Porque toda mesa farta começa pequena, e a do MGA cresceu por uma escada, não por uma árvore genealógica. Mônica Rocha Correia tem 60 e poucos anos. Guilherme Guerra tem 50 e poucos. Tadeu Reis de Melo e André Oliveira Souza têm 40 e poucos, cada um no seu degrau cronológico. Yuri Oliveira tem 30 e poucos. Beatriz Guerra, 20 e poucos. Cinco degraus, seis nomes, uma escada só, e no topo dela, sempre, a mesma mesa. Há quem confunda longevidade com repetição, como se durar significasse fazer sempre a mesma coisa, do mesmo jeito, pelo maior tempo possível. O MGA prova o contrário: dura mesmo é quem aceita mudar de roupa sem trocar de alma, e quem entende que uma escada não se sobe sozinho. Sobe-se com quem já subiu antes, para se sentar com quem ainda vai subir depois.

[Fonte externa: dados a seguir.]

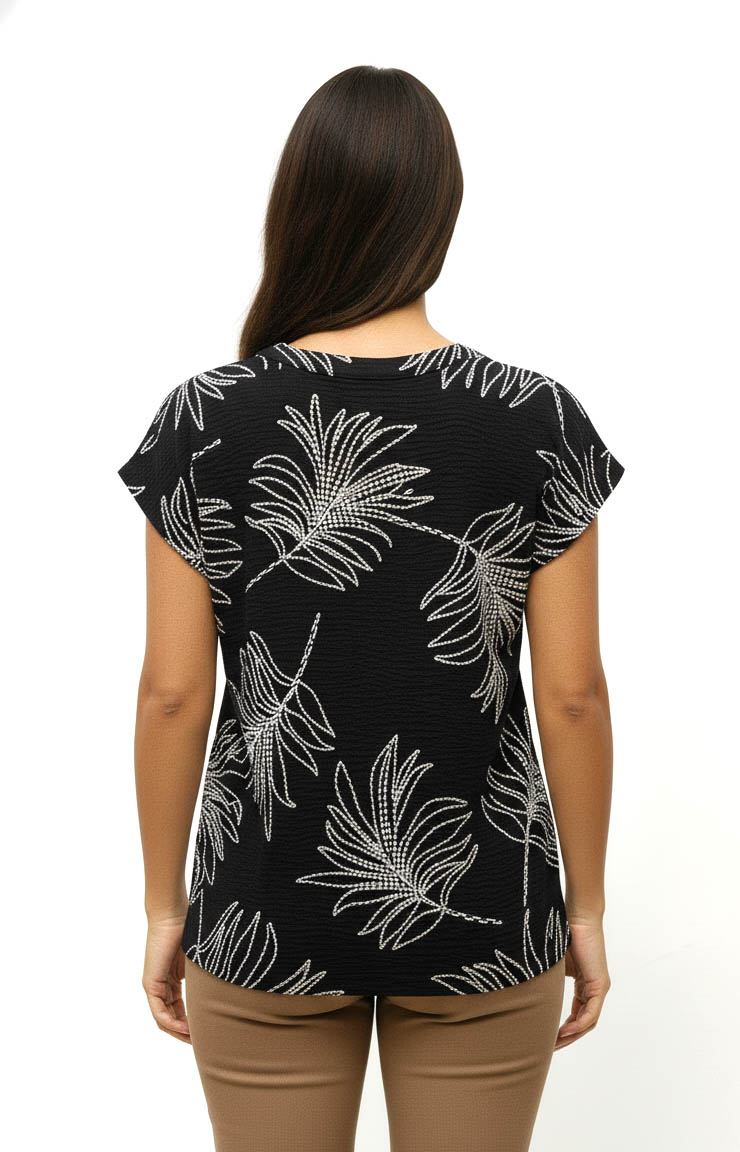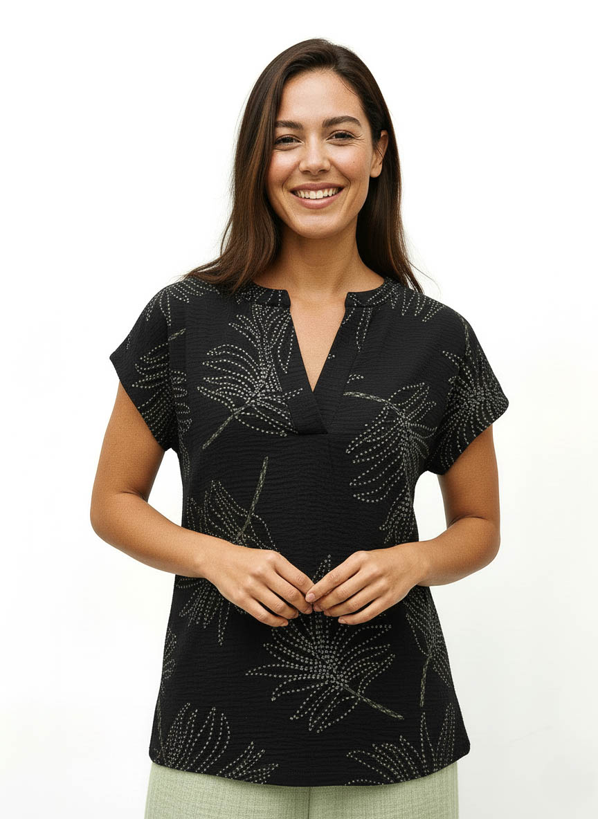 Líneas limpias y diseño actual. La Blusa Elida incorpora cuello mao y manga japonesa, creando una silueta relajada y sofisticada. Confeccionada en tejido Cey símil bordado hojas, ligero y con textura sutil.

No degrau cronológico mais alto está Mônica Rocha Correia, e é preciso dizer logo o que a torna exceção dentro da própria exceção: ela chegou ao topo da escada, e à mesa, sem nunca ter nascido Guerra. Formada pela Universidade Federal de Pernambuco, com pós-graduação em Docência do Ensino Superior pela FADEPE, Mônica construiu uma carreira inteira antes mesmo de conhecer aquele endereço: foi professora convidada em cadeiras de Legislação Ambiental na Escola Ruy Antunes, na Faculdade de Ciências da Administração de Pernambuco, no Departamento de Oceanografia da UFPE e na Escola Politécnica da UPE. Atuou como assessora jurídica no Ministério Público, junto ao Centro de Apoio Operacional da Coordenadoria de Meio Ambiente, e chefiou a assessoria jurídica da CPRH, a agência estadual de meio ambiente, onde se especializou no direito que mais tarde definiria sua trajetória. Passou pela Secretaria de Ciência, Tecnologia e Meio Ambiente, coordenou o Núcleo do Meio Ambiente da Sala Verde na FADURPE e integrou o núcleo multidisciplinar de estudos ambientais da ESAPE, além de ter sido vice-presidente da Comissão de Meio Ambiente da OAB/PE. Trabalhou treze anos no Grupo Industrial João Santos como advogada da área ambiental, foi sócia do escritório Urbano Vitalino respondendo pela mesma área e presidiu a diretoria da região Nordeste da União Brasileira da Advocacia Ambiental. Hoje é sócia do Imobiliário Ambiental e Urbanístico do MGA. Uma vida inteira de direito ambiental, degrau por degrau, antes de puxar a própria cadeira naquela mesa.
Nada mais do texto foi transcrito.